*DATA FOR REVIEW*:
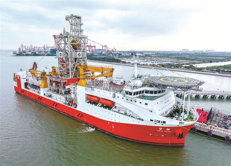 “十四五”時(shí)期,我國(guó)持續(xù)加強(qiáng)關(guān)鍵核心技術(shù)攻關(guān)和成果應(yīng)用,加快高端裝備、先進(jìn)制造等領(lǐng)域關(guān)鍵技術(shù)攻關(guān),推動(dòng)傳統(tǒng)產(chǎn)業(yè)向高端化、智能化、綠色化轉(zhuǎn)型。圖為擁有最大11000米的鉆深能力、我國(guó)自主設(shè)計(jì)建造的首艘大洋鉆探船“夢(mèng)想”號(hào),該船于“十四五”時(shí)期正式入列(資料圖片)。新華社記者 劉大偉 攝
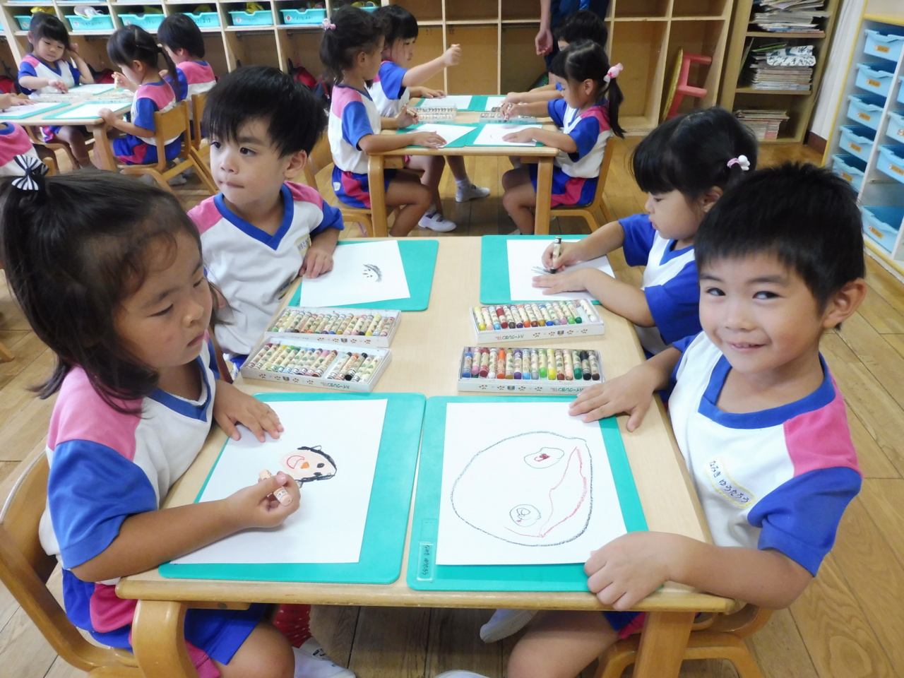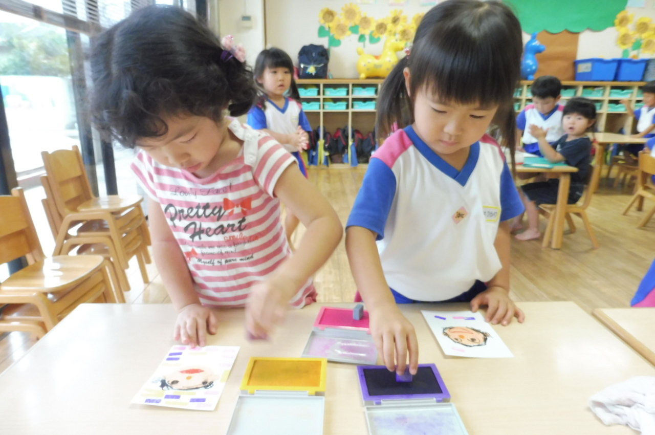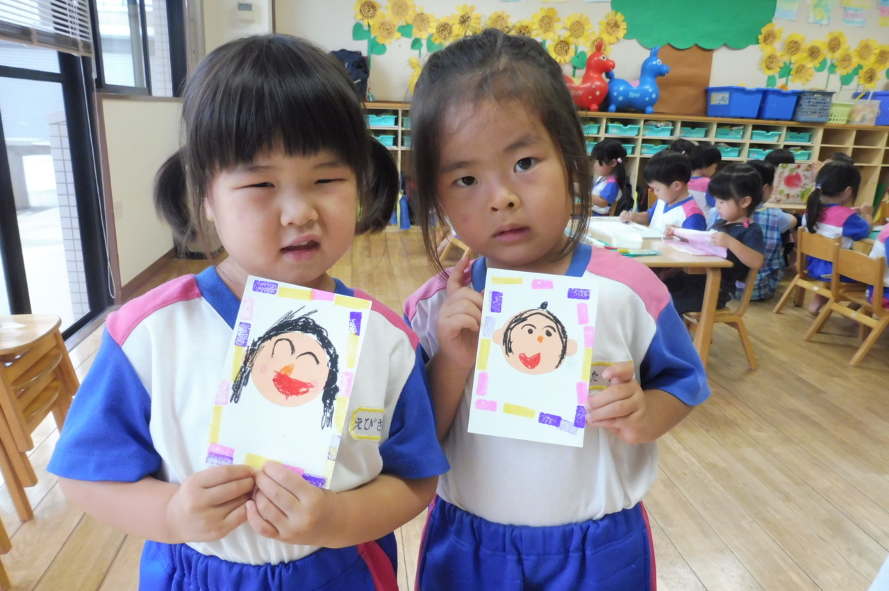 ☆敬老の日のハガキ書き☆ 自分のお顔を描きました!まわりには、かわいいスタンプ♪ 「ぺったんぺったん!」
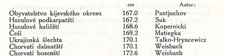 Vidíme tu, že Huculové jsou meziskupinami slovanskými s vzrůstem prostředním, a že je předčí pouze Ceši a Jihoslované; vedle toho pak ještě ukrajinská šlechta, jež ovšem nám představuje již skupinu zvláštní, kde padají na váhu vlivy od okolního obyvatelstva se naprosto lišící. Mimo to musíme podotknouti, že ze všech skupin horalů karpatských, obývajících jižní i severní svahy horské, mají Huculové vzrůst nejvyšší, neboť Bojkové, Lemkové a Tucholci karpatští jsou postavy o hodně nižší; máme tedy zdě několik skupin horalů, žijících vedle sebe, v stejném prostředí, jak klimaticky tak i hospodářsky a společensky, různících se však dosti patrně svým vzrůstem. Proto můžeme se domnívati, že značný rozdíl u Huculů jest asi podmíněn nějakou složkou jinou, přimíšením elementů vysokorostlých, které ostatním skupinám — Bojků, Lemků — schází.
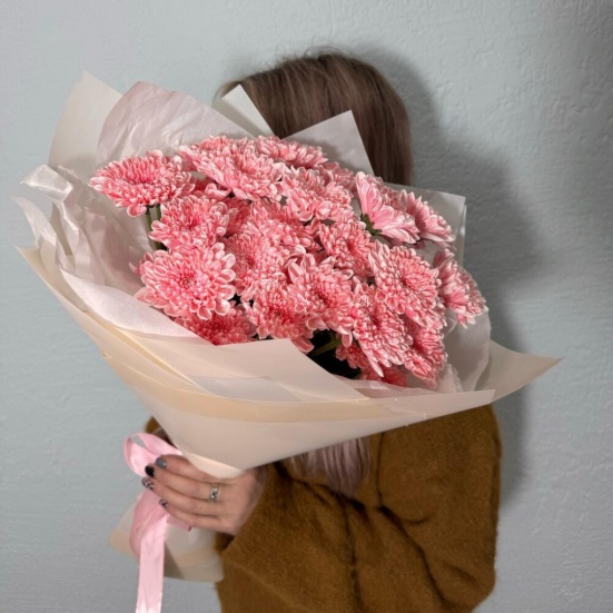 Букет из 5 персиковых хризантем в Пушкино
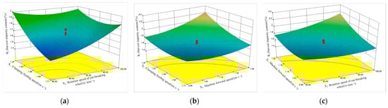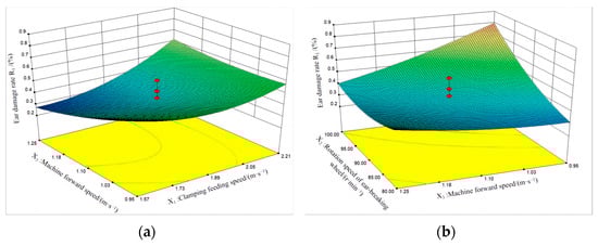 The experimental data were processed using Design Expert 8.0.6 data analysis software to obtain the significant and significant interaction between the clamping feeding speed X1, the rate of rotation X2 of the ear-breaking wheel, and the machine forward speed X3 on the yield impurity rate. The response surfaces of the experimental factor indicators are shown in Figure 16, respectively.
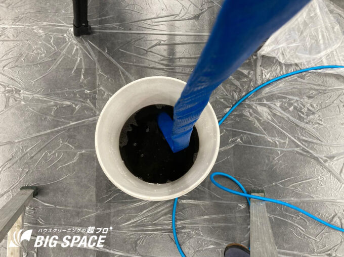 高圧洗浄を何度も繰り返し、ようやく透明な水になるまで徹底洗浄しました。

*WORK INSTRUCTIONS*:
Retype the data word for word and keep the pictures out of it.

*RESPONSE*:
 “十四五”時(shí)期,我國(guó)持續(xù)加強(qiáng)關(guān)鍵核心技術(shù)攻關(guān)和成果應(yīng)用,加快高端裝備、先進(jìn)制造等領(lǐng)域關(guān)鍵技術(shù)攻關(guān),推動(dòng)傳統(tǒng)產(chǎn)業(yè)向高端化、智能化、綠色化轉(zhuǎn)型。圖為擁有最大11000米的鉆深能力、我國(guó)自主設(shè)計(jì)建造的首艘大洋鉆探船“夢(mèng)想”號(hào),該船于“十四五”時(shí)期正式入列(資料圖片)。新華社記者 劉大偉 攝
 ☆敬老の日のハガキ書き☆ 自分のお顔を描きました!まわりには、かわいいスタンプ♪ 「ぺったんぺったん!」
 Vidíme tu, že Huculové jsou meziskupinami slovanskými s vzrůstem prostředním, a že je předčí pouze Ceši a Jihoslované; vedle toho pak ještě ukrajinská šlechta, jež ovšem nám představuje již skupinu zvláštní, kde padají na váhu vlivy od okolního obyvatelstva se naprosto lišící. Mimo to musíme podotknouti, že ze všech skupin horalů karpatských, obývajících jižní i severní svahy horské, mají Huculové vzrůst nejvyšší, neboť Bojkové, Lemkové a Tucholci karpatští jsou postavy o hodně nižší; máme tedy zdě několik skupin horalů, žijících vedle sebe, v stejném prostředí, jak klimaticky tak i hospodářsky a společensky, různících se však dosti patrně svým vzrůstem. Proto můžeme se domnívati, že značný rozdíl u Huculů jest asi podmíněn nějakou složkou jinou, přimíšením elementů vysokorostlých, které ostatním skupinám — Bojků, Lemků — schází.
 Букет из 5 персиковых хризантем в Пушкино
 The experimental data were processed using Design Expert 8.0.6 data analysis software to obtain the significant and significant interaction between the clamping feeding speed X1, the rate of rotation X2 of the ear-breaking wheel, and the machine forward speed X3 on the yield impurity rate. The response surfaces of the experimental factor indicators are shown in Figure 16, respectively.
 高圧洗浄を何度も繰り返し、ようやく透明な水になるまで徹底洗浄しました。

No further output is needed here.